乱暴じゃないし、それほど強引ってわけでもない。まるで味わうようにゆっくりと、アーチャーの舌は唇や歯列をなぞる。
ダメだ。
キスだけじゃ足りなくなる。
もっとって、言いそうになる。
もう、やめろ……。
そう思っても、夢だから、拒めない。
キスをやめないアーチャー。
現実にはいないアーチャー。
夢でもいいから、なんて…………バカみたいだ……。
だけど、バカみたいに、アンタが、欲しいんだ……。
◆◆◆ ◆◆◆ ◆◆◆
「知っているとも」
「え……?」
「は?」
宣言通り、朝一番に所長代理の工房を訪れれば、所長代理は、士郎の身体から六体目が分離することを知っているという。

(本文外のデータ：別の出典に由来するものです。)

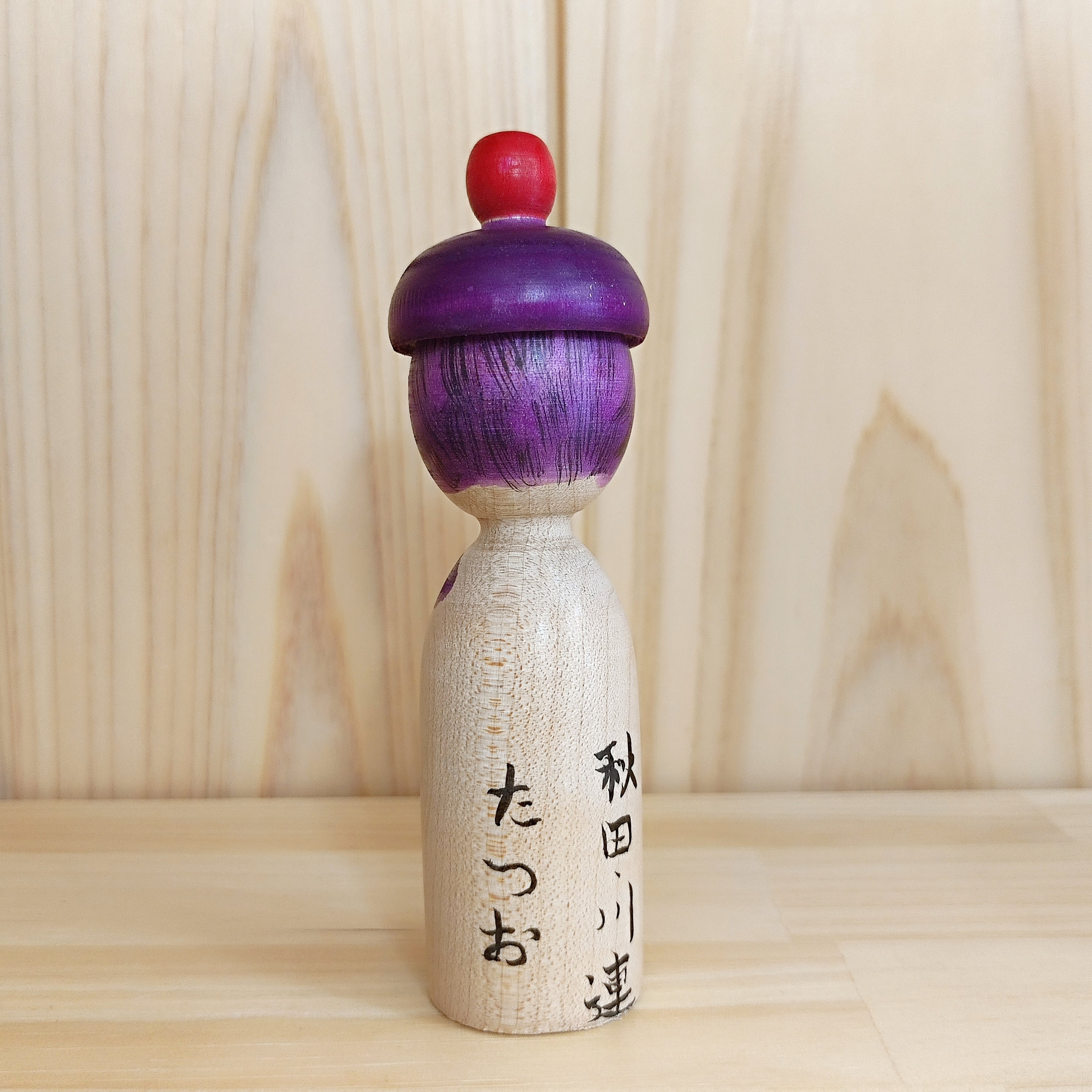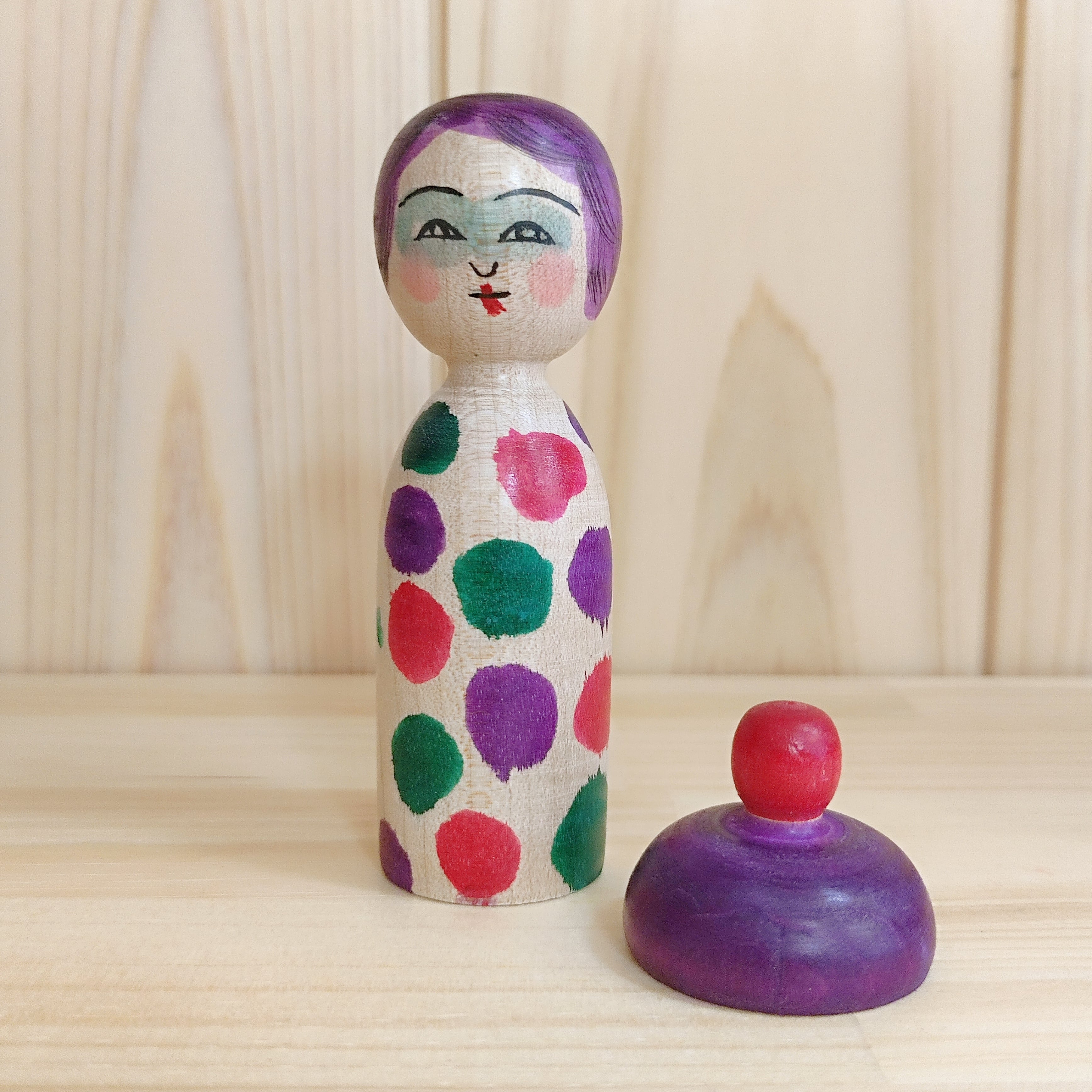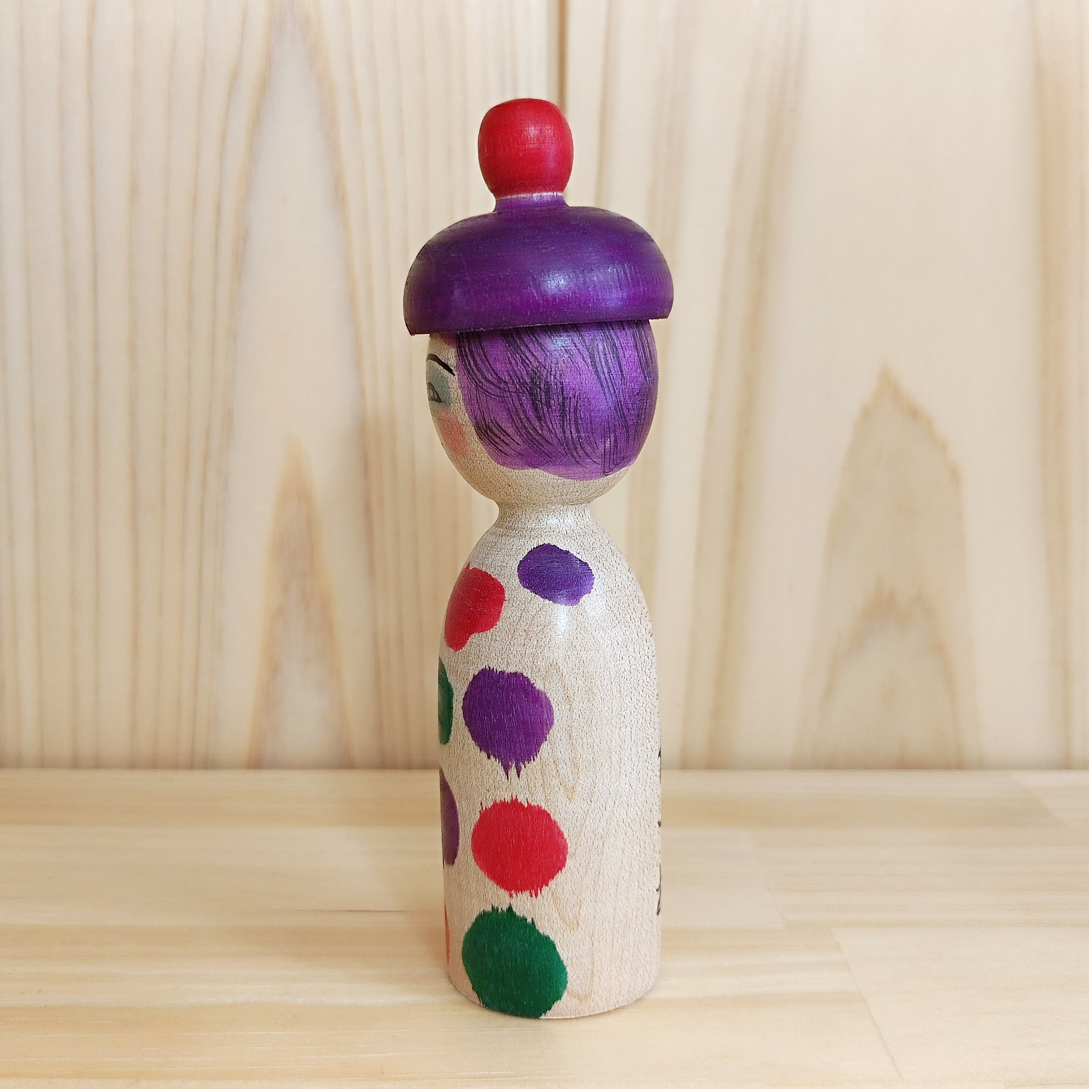 【佐藤達雄工人:木地山系】こけし 紫帽子 カラフルドット:11.5cm N3TS-90

「な……! だ、だというのに、放っておいたというのか?」
「うん。そうだよ」
平然と答える所長代理に、開いた口が塞がらない。
「しょ、所長代理……、いくらなんでも無謀が過ぎるだろう! 目の届かないところで、士郎の身に何かあっては、」
「立香くんから聞いた時に思ったんだよ。士郎くんがどうにかしようと思っているのなら、任せた方がいいとね」
マスターも知っていた?
私にはひと言もなかったというのに?
「っ……、そ、それは……、少々、無茶では……」
たどたどしく声を絞り出し、わけのわからない衝撃に動揺しながら士郎を見遣れば、少し俯いて、何も言うことはない、という感じだ。
俎板の鯉、いや、もうすべてを諦めているような……。
「ふむ。二人揃って来たということは、それなりに進展があったということなのかな?」
所長代理は、相変わらず、場違いなほどにこやかに話す。
「いや……、と、とにかく、分離することをどうにかしなければ、いろいろと……」
「…………そうだね。このままでは危険だと私も思う」
所長代理は、何か思うところがあるのか、笑みを消して真剣な眼差しを士郎に向けた。
「いいのかい? 士郎くんは、それで」
こくり、と士郎は頷く。
「何か言い分があるんなら言った方がいいよ? 何しろ君は、自分でどうにかすると言ったんだ。何か思うところがあったんじゃないのかい?」
「ない。俺には、何も言う権利なんてな――」
「士郎」
ようやく士郎は、私を見た。
今日はずっと私を見なかった。いや、今日だけの話ではない。私も士郎を見ようとしなかったのだ、目が合うのがこんなにも久しぶりだと思うのだから……。